Établir un texte juridique contraignant pour les États
Afin de favoriser une prise de conscience universelle en faveur des droits de l’enfant, l’ONU déclare 1979 « Année internationale de l’enfant », et la Commission des droits de l’homme crée un groupe de travail chargé de rédiger une Convention contraignante pour les États. S’y retrouvent les organisations internationales, différentes ONG dont certaines créées tout exprès comme Défense des enfants – International (DEI), et les 48 États membres de la Commission des droits de l’homme, dont la Pologne communiste, très active dans l’espace de la cause des enfants, se référant à Janusz Korczak.
Cette grande entreprise nécessite dix ans de travail, car se pose la question très aiguë de l’universalité des droits de l’enfant. Celui-ci est en effet considéré très différemment selon les aires culturelles, alors comment définir un « intérêt de l’enfant » accepté par tous et partout ? La définition de l’enfant elle-même pose question, en lien avec les législations très divergentes des États sur l’avortement. Afin d’aboutir à une Convention qui ferait l’unanimité, sa logique d’élaboration a été celle de la diplomatie, du consensus et du compromis politique. La fin des années 1980, avec un renouveau de l’ONU et le règlement de conflits latents, fut un contexte favorable à la finalisation du texte.
Le 20 novembre 1989, l’Assemblée générale des Nations unies adopte la Convention internationale des droits de l’enfant (CIDE) qui compte 54 articles. Elle stipule que toute mesure protectrice prise à l’égard d’un enfant doit être gouvernée par la recherche de l’intérêt supérieur de l’enfant et le respect de ses droits fondamentaux assurant sa protection et son émancipation. La CIDE est entrée en vigueur dès le 7 septembre 1990, après sa ratification par 20 États. Quelques jours plus tard, la diplomatie de l’enfance atteint son apogée avec un « Sommet mondial pour les enfants » qui rassemble le plus grand nombre de dirigeants jamais réuni au même moment (doc. 4). Ils adoptent une Déclaration sur la survie, la protection et de développement de l'enfant, ainsi qu’un plan d’action pour les années 1990.

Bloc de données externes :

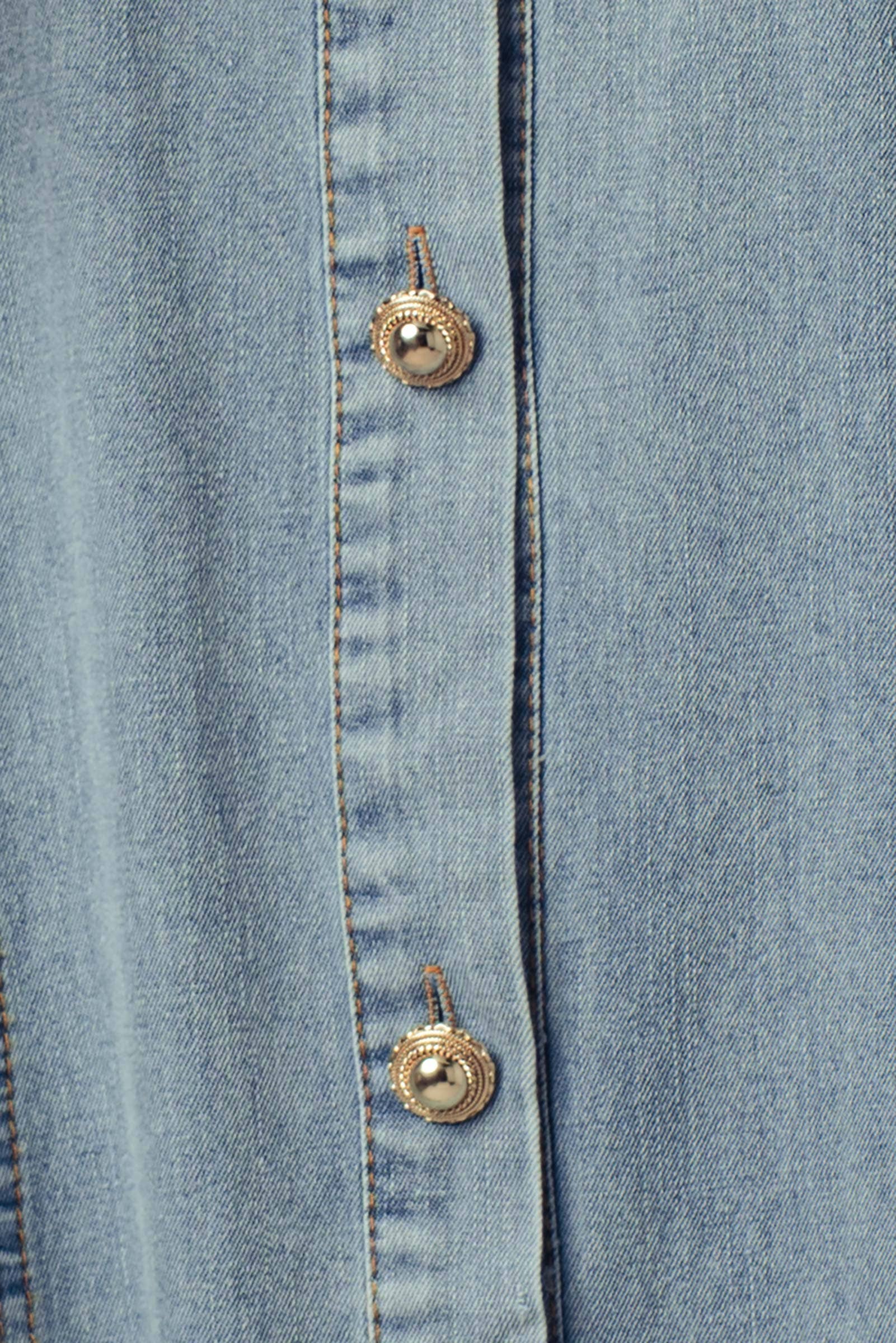 Design: A full button-front shirtdress silhouette in a light-wash denim, featuring dramatic elbow-length puff sleeves.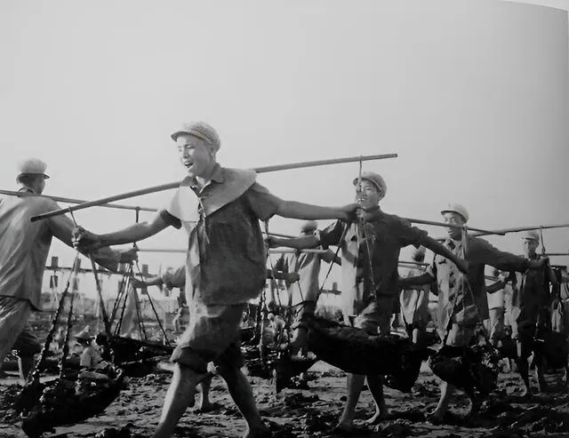 这张挑担的照片最有劲,扁担压得弯弯的,脚下是泥,脸上是笑,队伍一字排开唱着歌,汗水混着海风,咸里带甜。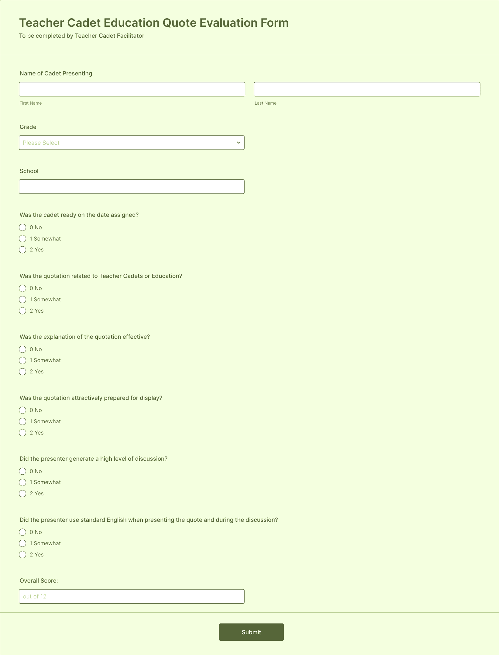 • Basic Fields: Name, date, evaluator’s role (student, peer, admin), teacher’s name.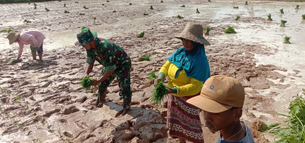 SUMENEP – Bintara Pembina Desa atau Babinsa Koramil 13/Rubaru, Kodim 0827/Sumenep Serma Kusfandi menunjukkan kepeduliannya terhadap kesejahteraan para petani dengan turun langsung ke sawah membantu proses pencabutan bibit padi dan penanaman padi.

L’application de la CIDE est contrôlée par le Comité des droits de l’enfant de l’ONU. Celui-ci publie régulièrement des « observations générales » sur des questions problématiques et examine les rapports périodiques des États. En effet, ceux-ci sont contraints de par leur ratification de la CIDE d’appliquer les règles qu’elle porte. En 2000, deux protocoles additionnels facultatifs ont été adoptés par l’ONU, puis un troisième en 2011 qui permet à tout enfant de déposer une communication individuelle devant le Comité des droits de l’enfant. En septembre 2019, seize jeunes pétitionnaires, dont Greta Thunberg et Alexandria Villaseñor, ont fait cette démarche, arguant que l’échec des États à faire face à la crise climatique constitue une violation des droits de l’enfant. Au 30e anniversaire de la CIDE, sur les 197 États souverains signataires, 196 l’ont ratifiée. Les États-Unis, après avoir signé la convention en 1995 seulement, demeurent aujourd’hui le seul pays signataire à ne pas l’avoir ratifiée, ce qui ne laisse pas de s’interroger sur la défaillance d’une grande démocratie dans l’espace transnational de la cause des enfants.